I think we all of us need to find our way through to a better way of being and living especially for individuals with dementia in our care homes. I am not convinced the current processes are sustainable or remain justifiable. John put the dilemma to me quite clearly – he is nearly 100 with months to live by any calculation, and he wants to spend that time not ‘imprisoned in his room’ (his words) but being with his family even if at a distance. Quality of life matters more for him than quantity of life. He said to me “It is my human right to decide to take the risk!”
For perhaps the overarching concern in all the correspondence I get is the loss of connection and relationship felt by individual residents and their families. No matter how attentive and creative care home staff are there is simply no substitute for physical interaction with family.

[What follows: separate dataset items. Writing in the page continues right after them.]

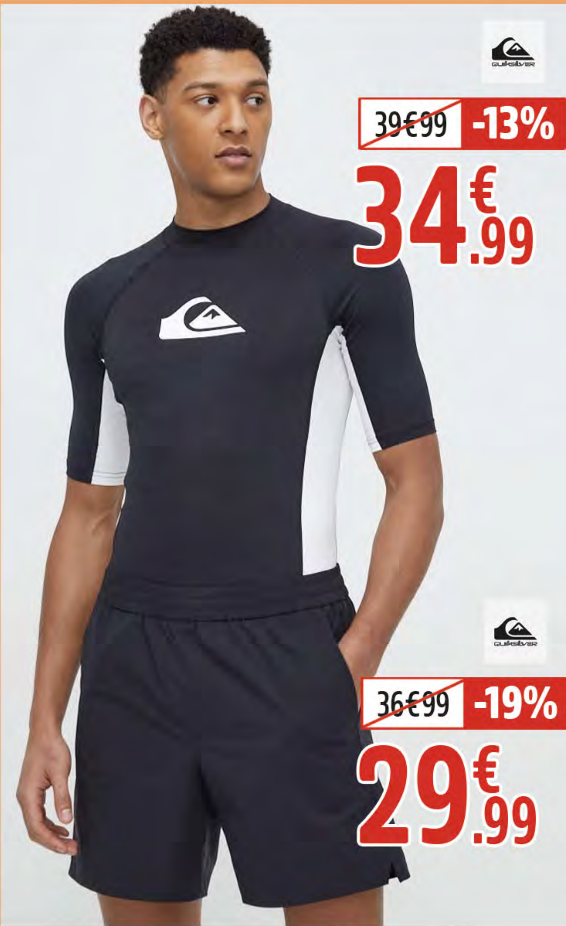
5. LYCRA MC UPF50+ HOMME 6. BEACHSHORT EVERYDAY SOLID 15 HOMME
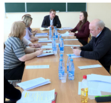
Секция "Качество подготовки и деятельности педагогических кадров"

в Российской Федерации, государственной программе "Патриотическое воспитание граждан Российской Федерации на 2016-2020 годы". Одной из основных задач современного образования является сегодня воспитание гражданина России - зрелого, ответственного человека, в котором сочетается любовь к большой и
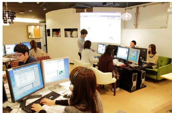
▲カフェ風なおしゃれな空間で自分のお気に入りのソファに座りながら好きな時間に自由に学ぶ(写真は渋谷校)

STUDIO 内は、クリエイティブなノマドワーカーの象徴でもあり、コワーキングスペースでも採用されている「お気に入りのカフェ」にいるような洗練された空間で、お仕事帰りや休日にも、快適な学習環境をお約束いたします。
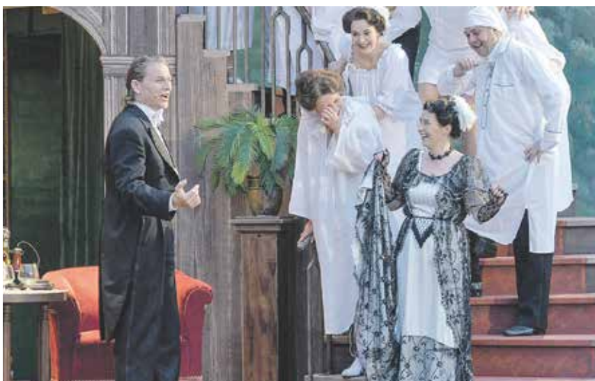
Elisas fürchterliches Kauderwelsch reizt den verschrobene Sprachprofessor Higgins zu der bekanntesten Wette der Theatergeschichte.

Am 23. Dezember, 19.30 Uhr und am 29. Januar, 18 Uhr wird »My Fair Lady« im großen Haus zu erleben sein. Denn wenn der Sprachforscher Professor Higgins mit seinem Fachkollegen Pickering wettet, dass er die »Rinnsteinpflanze« Elisa Dulitsch innerhalb von sechs Monaten zu einer Dame mit gepflegter Ausdrucksweise erziehen kann, wird es nicht nur beschwingt und musikalisch auf der Bautzener Bühne, sondern die hinreißenden Dialoge und Evergreens wie »Es grünt so grün, wenn Spaniens Blüten blühen« und »Mit 'nem kleenem Stückchen Glück«
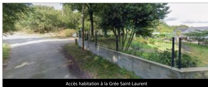
Accès habitation à la Grée Saint-Laurent

GÉOLOCALISATION Coordonnées WGS84 : X: -2.48717821 / Y: 48.00794300 Coordonnées RGF93 (Lambert 93) X: 291159.07 / Y: 6781717.43 Coordonnées RGF93 (ETRS89) : X: -2.4871782 / Y: 48.007943 Code Hydro: J833-3010 Rive de référence: Droite
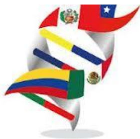
ALIANZA DEL PACÍFICO

Adicionalmente, se presentó una estrategia de comunicación que adoptará la Alianza del Pacífico para proyectar su imagen al mundo. En el encuentro, los Grupos Técnicos reportaron avances al GAN. En materia de comercio e integración se revisaron propuestas de términos de referencia sobre acceso a mercados y reglas de origen, se abordaron temas de cooperación regulatoria y buenas prácticas regulatorias; además de otros temas de interés para las partes, relacionados con medidas sanitarias y fitosanitarias. En servicios y capitales se avanzó en las propuestas de texto sobre servicios e inversión, entre otros.
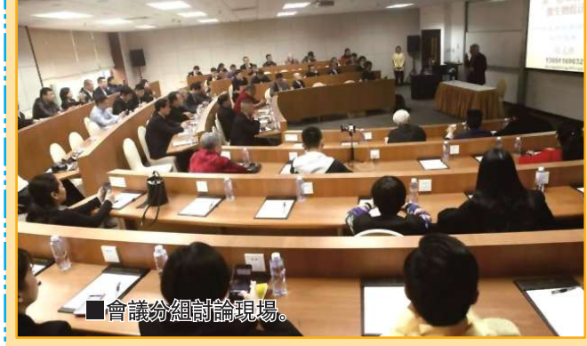
會議論壇討論現場。
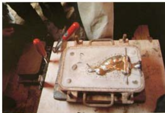
Joseph Beuys, Liebre de la paz con accesorios .
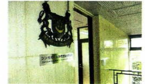
↑ シンガポール共和国名誉総領事館 (株式会社シマノ 本社ビル内)
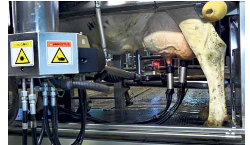
TILALLA alkoi robottilypsy elokuussa.

Navetassa on toimiva ohjattu liikenne kaksoiskierroksineen. Lehmien robottikierto pyörii kolmen kieppeillä ja tyytyväisiä ollaan! Ruokintajärjestelyissä päädyttiin matoruokkijaan, koska tällöin on tuoretta rehua saatavilla koko ajan.
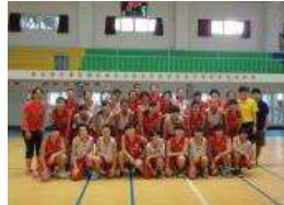
馬來西亞籃球交流
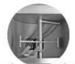
Brazo mezclador TX98 MINIMIX
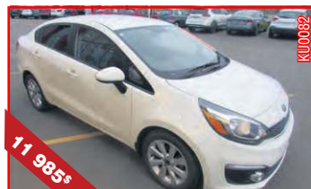
KIA RIO BERLINE, EX 2016 Automatique, 4 cyl., 1,6 L, 33 461 km
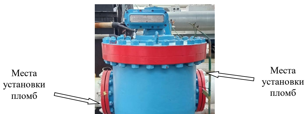
Рисунок 1 – Схема пломбировки от несанкционированного доступа ПР*

Схемы пломбировки от несанкционированного доступа с местами установки пломб представлены на рисунках 1-2.
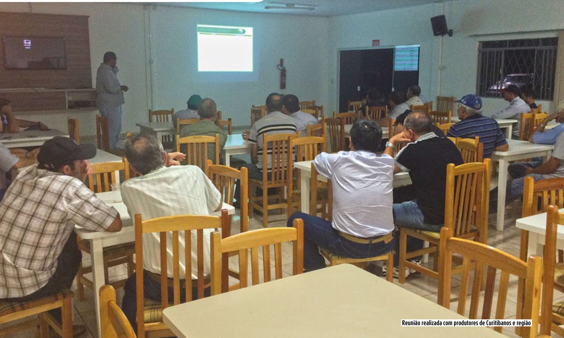
Reunião realizada com produtores de Curitiba e região

A ocorrência do Carrapichão já prejudica a comercialização e exportação de soja de produtores da região. O Carrapichão - Xanthium strumarium L. - é uma planta daninha invasora de pastagens e culturas anuais como soja e outras. De acordo com o Departamento Técnico da Copercampos, na última safra, cargas de soja que já estavam prestes a serem exportadas tiveram que retornar para suas unidades devido a presença de sementes da planta daninha.

The current Guidance rightly states that in situations of ‘distress’ that it is important that families of people with dementia and learning disabilities are allowed contact under strict criteria. Over the weeks it has become clear to me that such distress is not just seen in behaviour which becomes angry, frustrated and challenging but in what I have called a ‘quietism’ where the person withdraws into their skin and self, where they turn their face to the wall despite all the positive measures around them, where they have started to dis-engage and switch off – because connection with those who matter is not there. Many individuals with dementia even if they do not remember the name of loved ones intuitively know they are connected, that they are part of another, related and linked, loved and wanted.
We all of us collectively need to find a better balance between individuals knowing the risk, the requirements to wear PPE, the importance of encounter and the desire to prevent infection at all costs. But when I speak to care home managers and staff, especially in care homes where there has been no infection, they are terrified that enabling people to re-connect risks putting others at danger. They are also after days of external blame and finger-pointing at the care home sector, terrified of becoming the object of scapegoating if something were to go wrong after they allowed a family member to visit. I think we urgently as a whole society from politician to media, from commentators to citizen, need to empower our care home staff and providers to feel they have the confidence to re-connect people with one another.

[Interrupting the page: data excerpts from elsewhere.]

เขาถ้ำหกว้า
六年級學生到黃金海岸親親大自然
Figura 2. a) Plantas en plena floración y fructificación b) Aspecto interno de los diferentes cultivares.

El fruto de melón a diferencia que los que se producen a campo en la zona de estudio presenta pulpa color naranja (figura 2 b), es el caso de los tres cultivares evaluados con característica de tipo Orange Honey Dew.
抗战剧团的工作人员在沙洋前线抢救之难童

And there are ways of doing this. People have spoken of getting permission to have a family member escorted into the building following defined footways and of bringing together individuals at a safe distance in an outside space. Hearing of these ‘reunions’ and the comfort they have brought has been very moving indeed. But we need to do more. For instance, we need to explore the use of testing as a way of connecting people up to their household ‘bubbles’.

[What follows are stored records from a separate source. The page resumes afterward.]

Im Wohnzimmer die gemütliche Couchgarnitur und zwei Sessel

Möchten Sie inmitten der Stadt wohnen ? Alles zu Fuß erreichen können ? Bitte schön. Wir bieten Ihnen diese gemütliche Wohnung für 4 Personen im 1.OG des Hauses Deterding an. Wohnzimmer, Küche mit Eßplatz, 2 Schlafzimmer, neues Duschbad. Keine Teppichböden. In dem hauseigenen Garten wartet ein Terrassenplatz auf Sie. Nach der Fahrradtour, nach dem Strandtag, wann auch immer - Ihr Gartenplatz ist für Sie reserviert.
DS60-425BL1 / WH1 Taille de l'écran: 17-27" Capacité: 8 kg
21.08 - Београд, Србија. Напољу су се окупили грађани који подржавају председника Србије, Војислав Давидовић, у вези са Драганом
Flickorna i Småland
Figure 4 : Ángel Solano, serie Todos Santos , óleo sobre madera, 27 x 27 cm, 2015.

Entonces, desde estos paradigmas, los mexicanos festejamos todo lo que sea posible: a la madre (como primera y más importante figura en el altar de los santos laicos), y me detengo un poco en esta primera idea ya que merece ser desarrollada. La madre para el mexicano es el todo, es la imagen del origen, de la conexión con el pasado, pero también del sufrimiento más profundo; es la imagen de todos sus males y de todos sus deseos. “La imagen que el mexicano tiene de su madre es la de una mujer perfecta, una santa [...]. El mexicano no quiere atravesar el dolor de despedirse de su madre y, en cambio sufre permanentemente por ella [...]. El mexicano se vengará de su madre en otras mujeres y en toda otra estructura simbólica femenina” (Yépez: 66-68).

It feels really uncomfortable as the rest of the world becomes fixated on ending lockdown that there is a presumption that in care homes this unreal form of existence and dis-connection will go on for much longer. We must, I believe, give trust to professional care staff to find new ways – safe ways – to connect family.
Scottish Care has established a clinical care group which over the last two weeks has been actively exploring how we can work better in this area and develop models and approaches to get the balance right and to better restore the human rights and choices of residents. But it needs the rest of society to embed trust, give confidence, and permission to the care home sector to restore relationships. We urgently need to find a way through from where we are which is no longer tenable to something resembling human connection, with families being together and re-united with residents in compassion and love.